Jacques Villeglé, Lacéré anonyme, 1969. Encre et gouache sur papier marouflé sur aggloméré peint. 66 x 58 cm. Collection Michèle & Yves di Folco (c) Adagp Paris 2008 1969 marque un tournant dans la démarche artistique de Jacques Villeglé. Alors que le président américain Richard Nixon rencontre Charles de Gaulle à Paris, l’artiste aperçoit sur les murs d’un couloir de métro des graffiti anti-américains. Ce sera le point de départ de L’Alphabet socio-politique, qui s’inspire de la guérilla des symboles dont traite Serge Tchakhotine, dans Le Viol des foules par la propagande politique (1939).

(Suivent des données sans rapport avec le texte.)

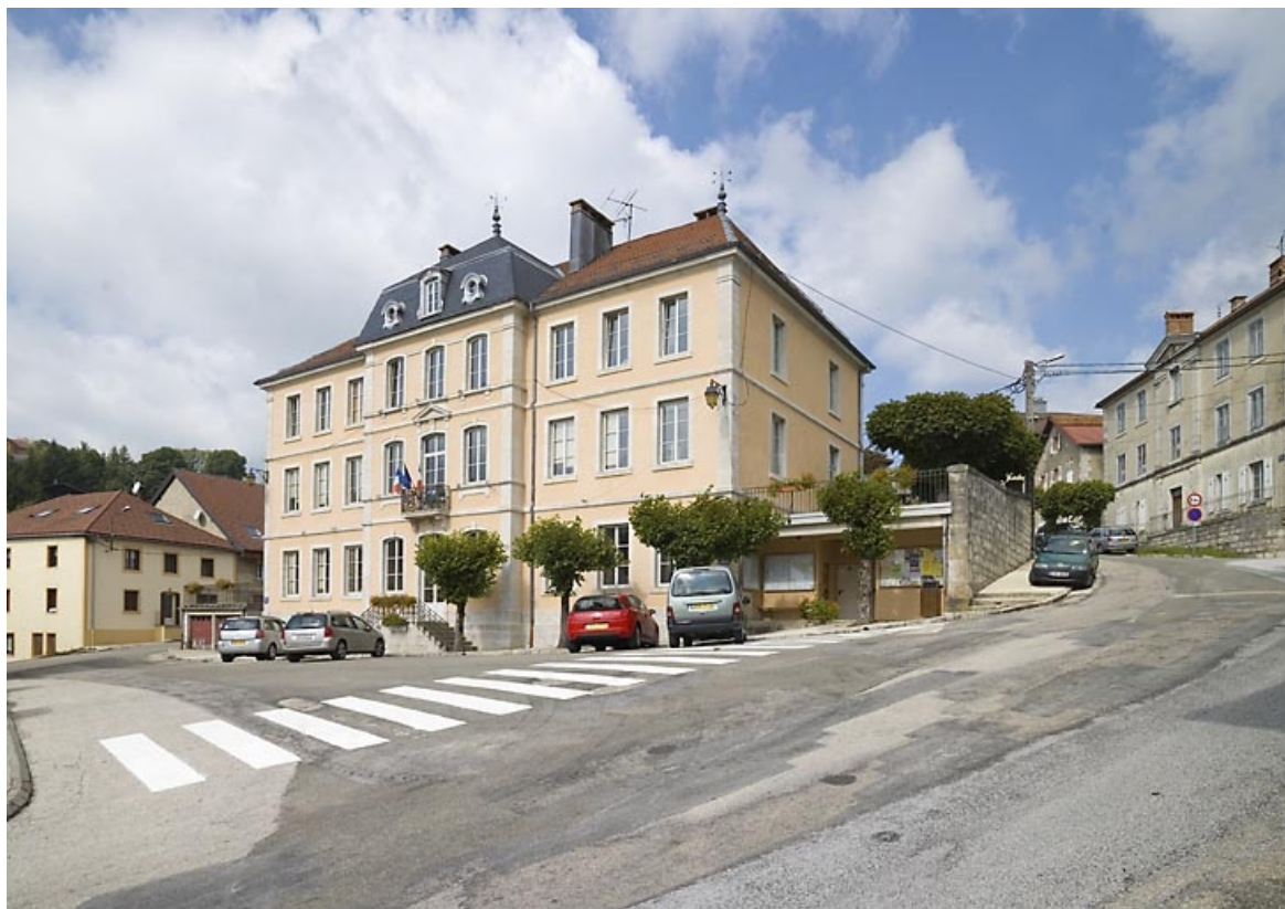
Vue générale de trois quarts droit.

Après Paris, J. Villeglé doit “décentraliser” sa pratique du décollage des affiches en raison d’un sévissement de politique en la matière. En 1997, il crée L’Atelier d’Aquitaine dédié à la collecte en équipe d’affiches dans différentes régions de France.

En 2003, L’Atelier d’Aquitaine est invité à Buenos Aires. Ce sera la dernière expédition de J. Villeglé qui cesse d’arracher des affiches. L’artiste se concentre désormais presque exclusivement au graphisme socio-politique.

Se décrivant comme un “ravisseur d’affiches”, Jacques Villeglé rencontre aujourd’hui un écho frappant chez les jeunes générations. D’où cette rétrospective,  certes tardive mais opportune, se justifie Alain Seban, président du Centre Pompidou.

L’oeuvre de l’artiste donne un aperçu des réalités urbaines au cours des décennies passées, dont la narration nous est restituée de manière fragmentée à travers des affiches lacérées. Cette vision nous permet de porter un regard critique, mais aussi ludique, sur notre environnement visuel quotidien. Notre “comédie urbaine”.